What to do: Restate the listing below line for line and word for word, without the pictures.

Information shown:
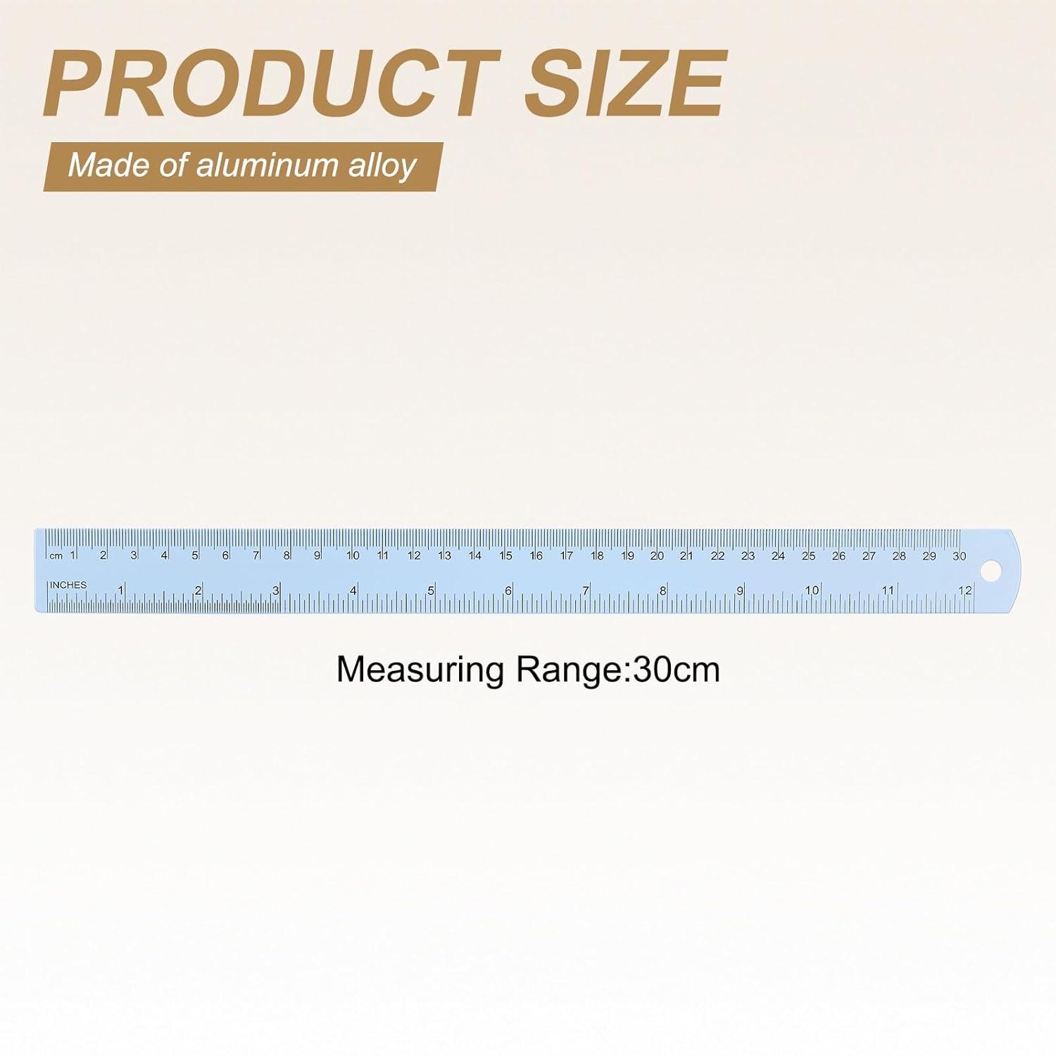 HARFINGTON 6pcs Metal Straight Ruler 30cm Metric SAE Aluminum Alloy Measuring Rulers Scale Tool with Hole for Measure Study Reading Classroom Office, Light Blue
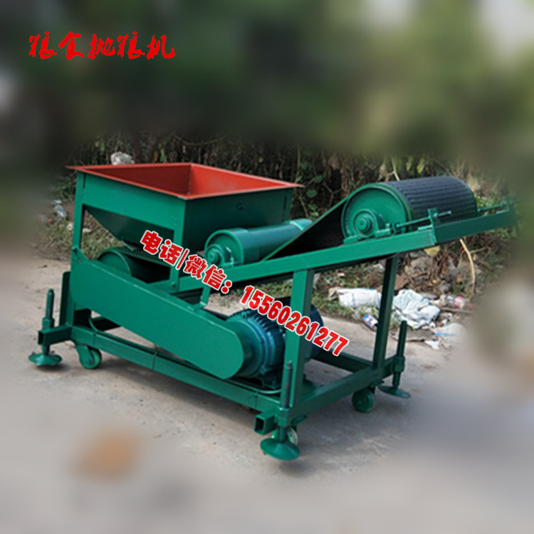 揚(yáng)場機(jī)由大架、進(jìn)料斗、電機(jī)、支撐絲桿、傳動輪、拋糧帶、壓帶輪等部件構(gòu)成,用于玉米、小麥、蕎麥、稻種、黃豆、綠豆等顆粒狀物料的除雜,糧食谷物進(jìn)入料斗后在高速運(yùn)轉(zhuǎn)下迫使物料向前上方運(yùn)動由皮帶送出,皮帶為特殊加工的多坑圓點(diǎn)輸送帶,具有定向作用,便于糧食的收集,根據(jù)物料及雜質(zhì)比重的不同,分別將其堆成堆。
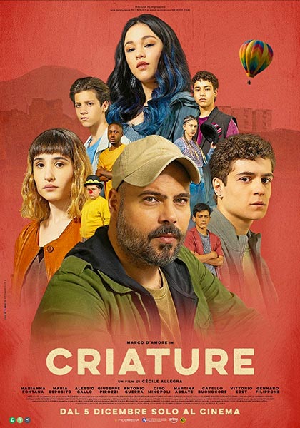 - CRIATURE – ore 15.45 – di Cécile Allegra - con Marco D'Amore, Marianna Fontana, Maria Esposito, Alessio Gallo, Giuseppe Pirozzi - Drammatico – “Mimmo Sannino, un tempo insegnante ora impegnato come educatore di strada a Napoli, si dedica al recupero di ragazzi in dispersione scolastica per riportarli sui banchi di scuola, e permettergli di ottenere il diploma di terza media. Il suo mezzo di predilezione è l'arte circense così, tra lezioni sui trampoli e letture del Barone Rampante, e grazie anche all'aiuto di Anna, assistente sociale che riconosce il valore del suo impegno, riesce a coinvolgere i giovani anche se il suo operato non è ben accolto dalle famiglie del quartiere e dalla criminalità organizzata...”

Expected answer:
 HARFINGTON 6pcs Metal Straight Ruler 30cm Metric SAE Aluminum Alloy Measuring Rulers Scale Tool with Hole for Measure Study Reading Classroom Office, Light Blue
 揚(yáng)場機(jī)由大架、進(jìn)料斗、電機(jī)、支撐絲桿、傳動輪、拋糧帶、壓帶輪等部件構(gòu)成,用于玉米、小麥、蕎麥、稻種、黃豆、綠豆等顆粒狀物料的除雜,糧食谷物進(jìn)入料斗后在高速運(yùn)轉(zhuǎn)下迫使物料向前上方運(yùn)動由皮帶送出,皮帶為特殊加工的多坑圓點(diǎn)輸送帶,具有定向作用,便于糧食的收集,根據(jù)物料及雜質(zhì)比重的不同,分別將其堆成堆。
 - CRIATURE – ore 15.45 – di Cécile Allegra - con Marco D'Amore, Marianna Fontana, Maria Esposito, Alessio Gallo, Giuseppe Pirozzi - Drammatico – “Mimmo Sannino, un tempo insegnante ora impegnato come educatore di strada a Napoli, si dedica al recupero di ragazzi in dispersione scolastica per riportarli sui banchi di scuola, e permettergli di ottenere il diploma di terza media. Il suo mezzo di predilezione è l'arte circense così, tra lezioni sui trampoli e letture del Barone Rampante, e grazie anche all'aiuto di Anna, assistente sociale che riconosce il valore del suo impegno, riesce a coinvolgere i giovani anche se il suo operato non è ben accolto dalle famiglie del quartiere e dalla criminalità organizzata...”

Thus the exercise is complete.